It's not entirely clear why, but humans clearly have a strong propensity to find meaning, or patterns, or important events where there are none. The urge to believe in the supernatural is so strong in us that we find miracles in a bag of pretzels. In 2005, a 12 year old girl, Crysta Naylor found this pretzel in a bag of snacks while watching television. A casino paid the family over $10,000 for the pretzel because of the notoriety, excitement, and interest that it generated.

A grilled cheese sandwich with burn marks that resemble Jesus caused similar excitement, as did a Jesus fish stick.

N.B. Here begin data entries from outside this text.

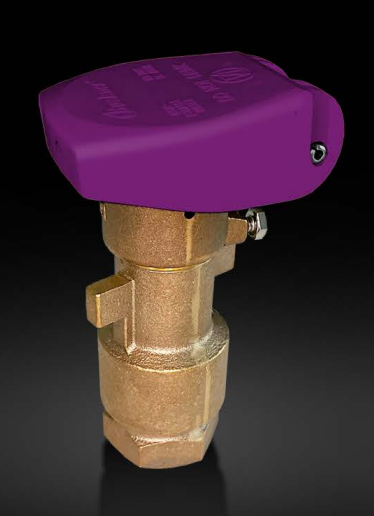
QB 2 Piece Series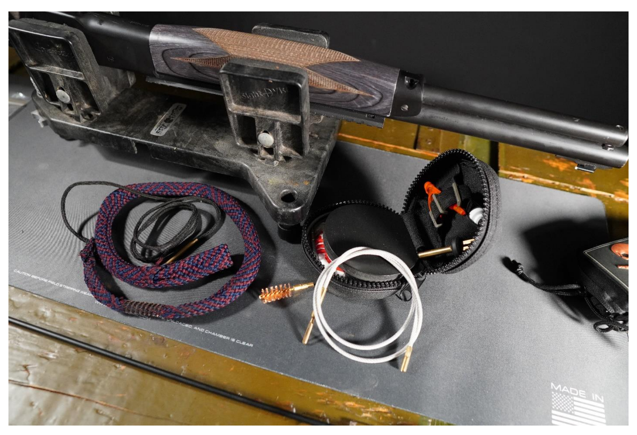
A "pull-through cleaning system," like the Hoppes Bore Snake or Otis cleaning kit, are two styles of systems that let you clean from the breach-to-muzzle.

Fortunately, there are several products that making cleaning from the breach end a breeze without disassembling the rifle. Using either a Bore Snake or some sort of pull-through cleaning kit like the ones made by Otis, it is simple to clean the barrel while protecting the muzzle.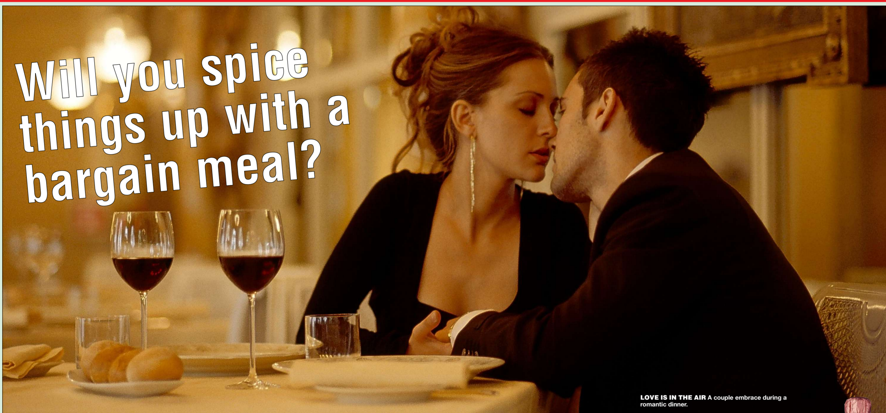
LOVE IS IN THE AIR A couple embrace during a romantic dinner.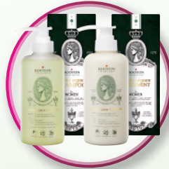
Booth: 2501 YEGREENA

Description: 43 kinds of Highly Functional Cosmetic Peptide and 10 kinds of WellPep's New Peptides

In some cases, the phenomena is not a deliberate hoax, but a simple mistake. From time to time, reports of statues "drinking" surface. Recently, in India, millions of the faithful rushed to Hindu temples to see statues of the elephant-headed Lord Ganesha drink milk. Huge crowds formed as people held spoonfuls of milk up to the trunk of the statue and watched the milk disappear. The phenomena was widely accepted as a miracle. Scientists examined the case and concluded that the milk was being siphoned down the surface of the statue in a thin film that wasn't easily visible. As more people made offerings, pools of milk formed at the base of the statues. The Press Trust of India wrote, "the phenomenon of idols "drinking" milk could be explained scientifically by the theory of capillary action or the movement of liquids within spaces of porous surfaces due to surface tension, adhesion and cohesion." Once again, believers denied that there could any explanation besides the miraculous one. Similar stories appear from time to time in the west surrounding statues of the Virgin Mary. Different types of porous stones that are used to make the statues have the capacity to absorb and wick a great deal of fluid.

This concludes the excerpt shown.